Link Imbalance Prediction

Five SNPs predicted as most deleterious by the PredictSNP tools from the FASTA 1 sequence were evaluated with the Haploview tool (https://www.broadinstitute.org/haploview/haploview). The tool predicted that there is no linkage disequilibrium among any of the five evaluated SNPs (rs146613168, rs368404338, rs201348291, rs143549909 and rs151322132), as shown in figure 1.
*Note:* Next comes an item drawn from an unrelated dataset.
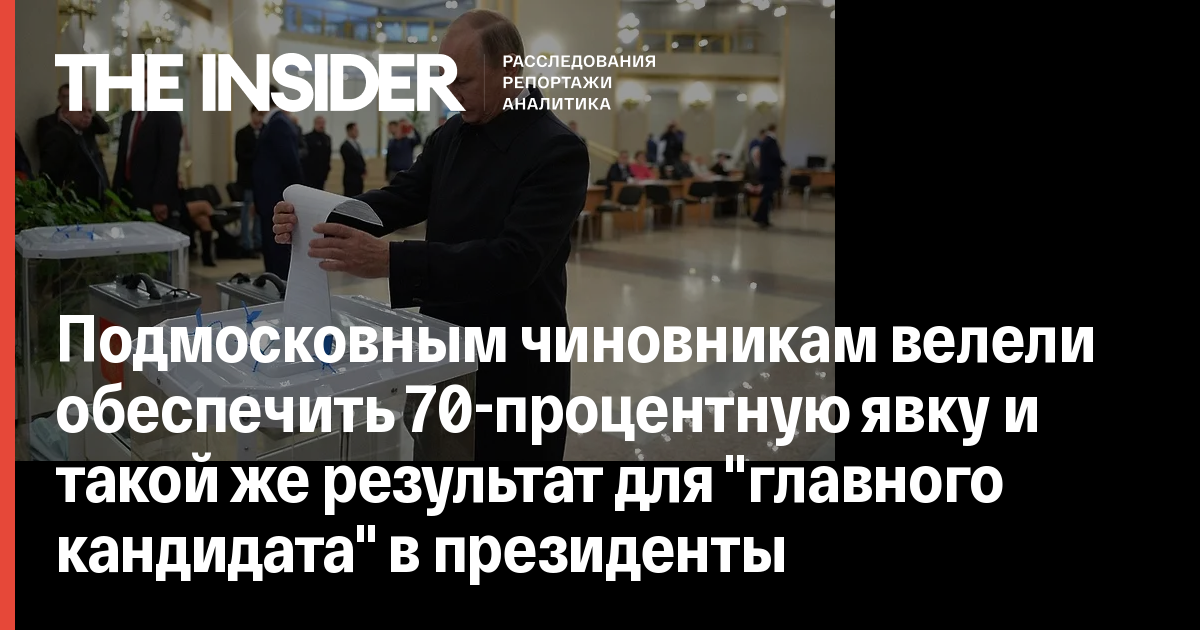Подмосковным чиновникам велели обеспечить 70-процентную явку и такой же результат для "главного кандидата" в президенты

Protein-Protein Interaction Analysis

The STRING database (https://string-db.org/cgi/network?taskId=b022 LqlKmSV8&sessionId=brixGRS2HYsO), used to obtain data on the interaction of the NDRG1 gene, obtained results are shown in figure 2. The server indicated that NDRG1 interacts with 11 proteins, including p53 cell tumor antigen (TP53), N-myc proto-oncogene protein (MYCN), serine/threonine-protein kinase (SGK1), serine/threonine-protein kinase 38-like (STK38L), NDRG2 protein (NDRG2), Myc proto-oncogene protein (MYC), WNT1-inducible signaling pathway protein 1 (WISP1), RAC -alpha serine/threonine-protein kinase (AKT1), serum/glucocorticoid regulated kinase family, member 3 (SGK3), and cadherin 1 (CDH1).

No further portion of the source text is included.